Konsep Idealisasi Perpustakaan Kita


Menjadikan perpustakaan sebagai tempat yang ramah bagi siapapun untuk dikunjungi merupakan tantangan tersendiri. Bukan rahasia, jika kenyataanya perpustakaan diidentikan dengan tempat yang kolot dan kaku seperti museum. Hanya orang orang memiliki kepentingan tertentu seperti mencari bahan untuk menulis artikel, mengerjakan tugas kuliah atau skripsi yang mengunjunginya.

Sedang masyarakat umum, dari segala profesi seperti ibu rumah tangga, anak anak, orang tua, pedagang, buruh dan pekerja sepertinya amat langka dijumpai di perpustakaan. Kita tentu tak menghendaki perpustakaan hanya ‘dimiliki’oleh sebagian pihak saja’. Musti ada upgrading kualitas agar kehadirannya dapat mengakomodasi kepentingan semua kalangan.

 Problema Minat Baca
Lesunya tingkat kunjungan ke perpustakaan tercermin dari Laporan Human Development Report yang dikeluarkan UNDP pada 2008/2009.  Di mana disebutkan bila minat baca bangsa Indonesia menduduki peringkat 96 dari negara negara di seluruh dunia. Hal yang dapat membuat miris tentu saja. Karena terjadi saat pemerintah sedang gencar mengkampanyekan wajib belajar 9 tahun.

Memang terdapat alasan mengapa budaya baca jadi demikian lesu di Indonesia. Faktor kemiskinan berada pada urutan pertama. Badan Pusat Statistik (BPS) melansir data pada 2008, di Indonesia terdapat 32,8 juta rakyat miskin. Seperti disampaikan Anggota Komisi I DPR RI Tantowi Yahya, aktiftas baca memilki kaitan dengan kemampuan masyarkat dalam membeli buku atau koran.

Hal lain adalah faktor ekspansi informsi. Ekspansi informasi yang menyerang melalui media mainstream dapat menyebabkan blunder bagi mereka yang tak dapat waspada. Sifatnya yang audio visual jauh lebih menarik ketimbang lembaran buku yang tebal dan kaku. Terbukti berdasarkan data BPS yang dirilis pada 2006, masyarakat kita lebih banyak menonton televisi TV (85,9%) dan mendengarkan radio (40,3%) ketimbang membaca koran (23,5%) dalam mengakses informasi.
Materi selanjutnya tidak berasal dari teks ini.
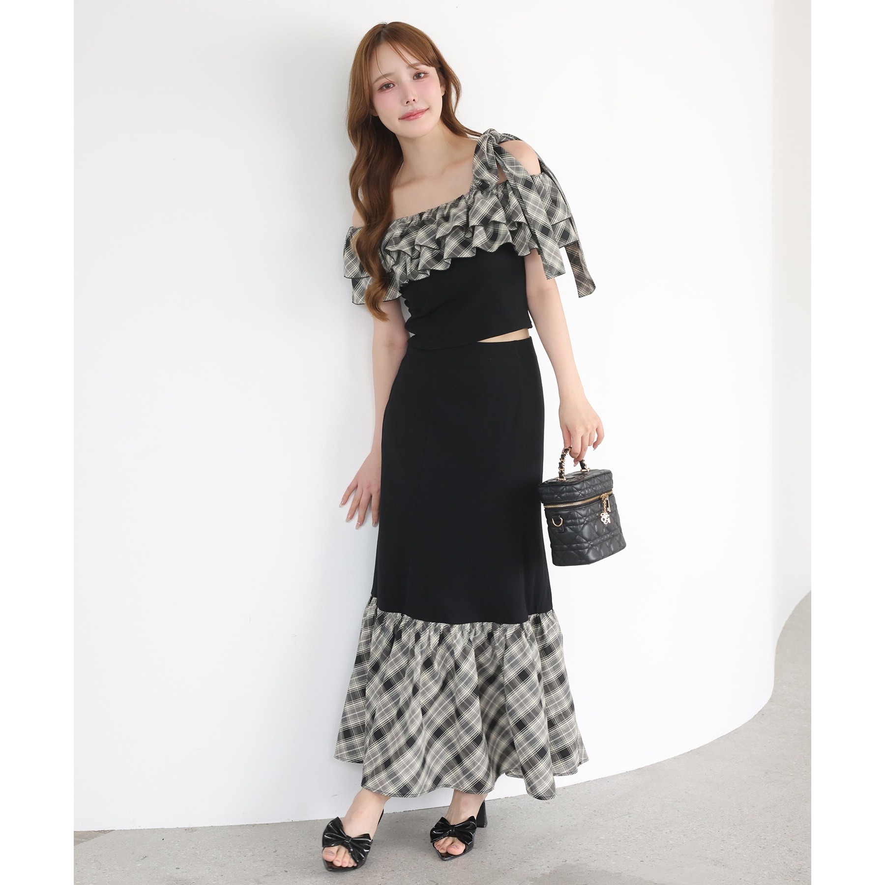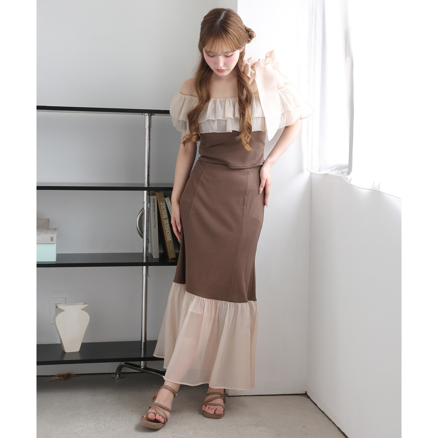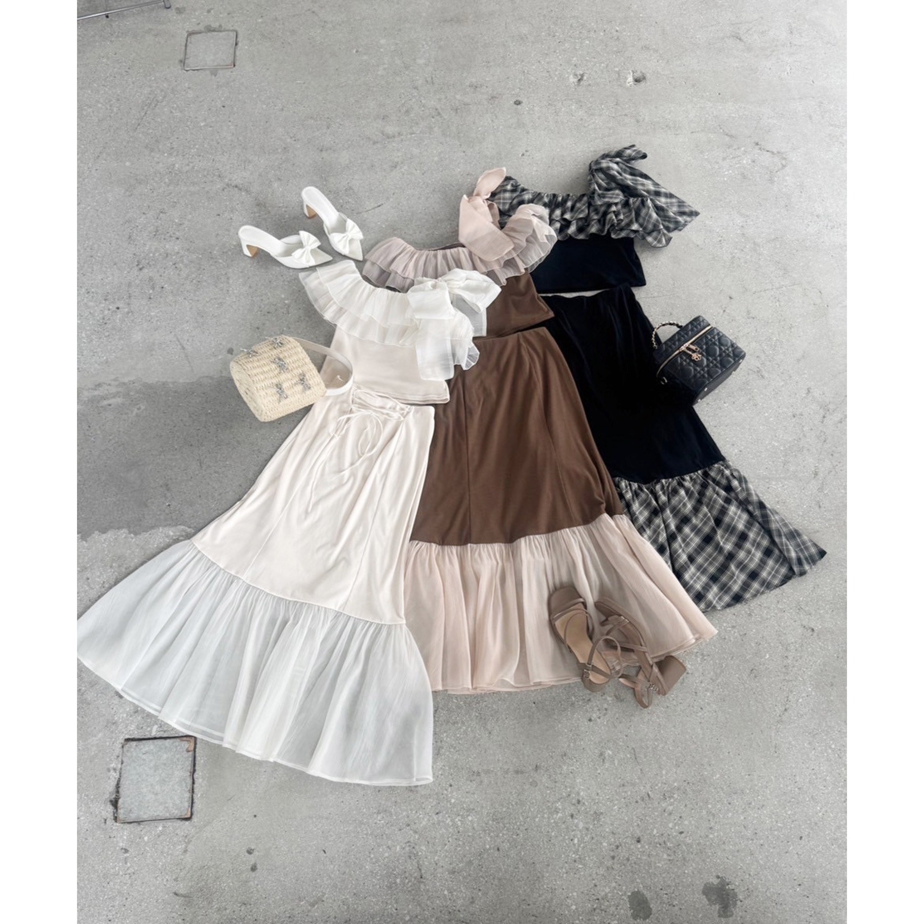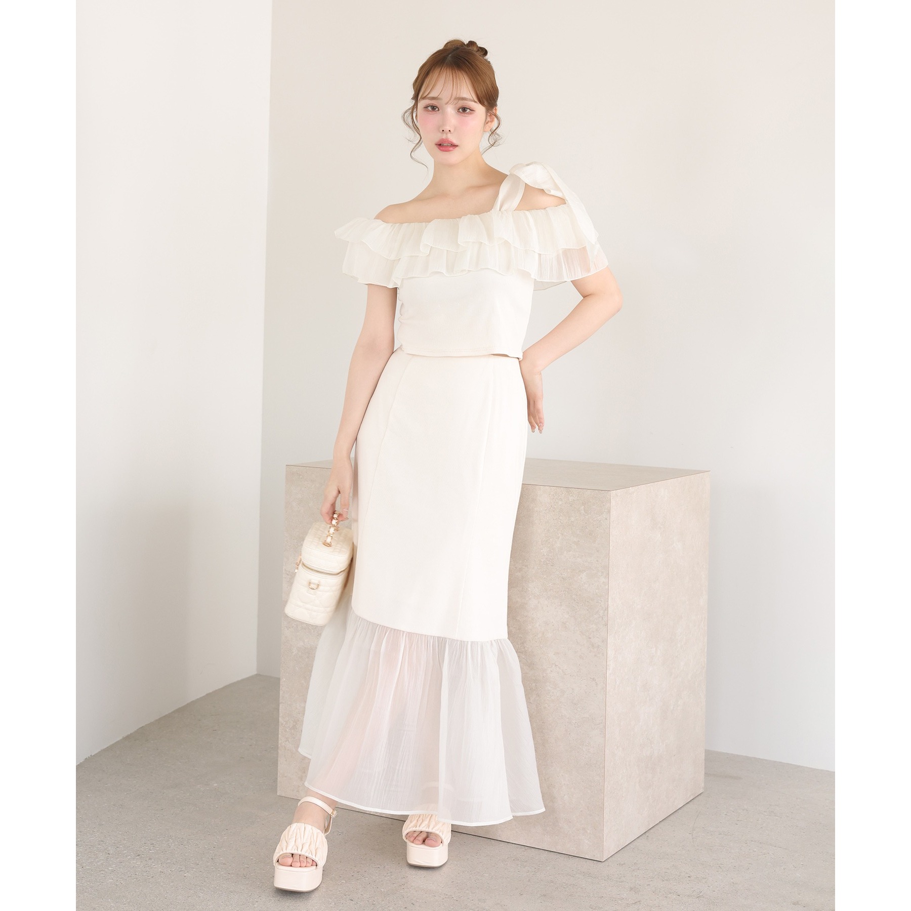ボリュームのあるティアードスカートと合わせて、ロマンティックな着こなしも♡

Adapun faktor terakhir adalah karena mandulnya fungsi perpustakaan sendiri. Masih terdapat anasir anasir negatif bila kita mendengar kata perpustakaan. Seperti disampaikan di atas, kesan kolot dan kaku langsung tergambar bila langunjungi tempat yang satu ini. Kemudian masalahnya diperparah dengan minimnya program alternative yang digagas oleh pengelola.

Perpustakaan Ideal
Bila menghendaki perubahan sudah selaiknya perpustakaan perpustakaan kita berbenah. Hal paling esensial yang mula mula musti direalisasikan ialah mengubah paradigma. Ikhtiar yang dapat ditembuh ialah menjadikan perpustakan bukan hanya sebagai tempat menyimpan dan membaca buku tapi juga sebagai learning center  atau pusat belajar. Harapan besarnya adalah tercipta kesadaran di masyarakat bila perubahan bisa digagas dan diraih dengan cara meningkatkan pengetahuan. Pencerahan intelektual menjadi sasaran utamanya. Mereka yang datang tak lagi bersifat insdental tapi benar benar menjadi pengunjung yang loyal karena dapat menemukan solusi atas persolan persoalan yang sedang mereka hadapi. Dengan begitu setiap orang merasa terwakili kepentingannya.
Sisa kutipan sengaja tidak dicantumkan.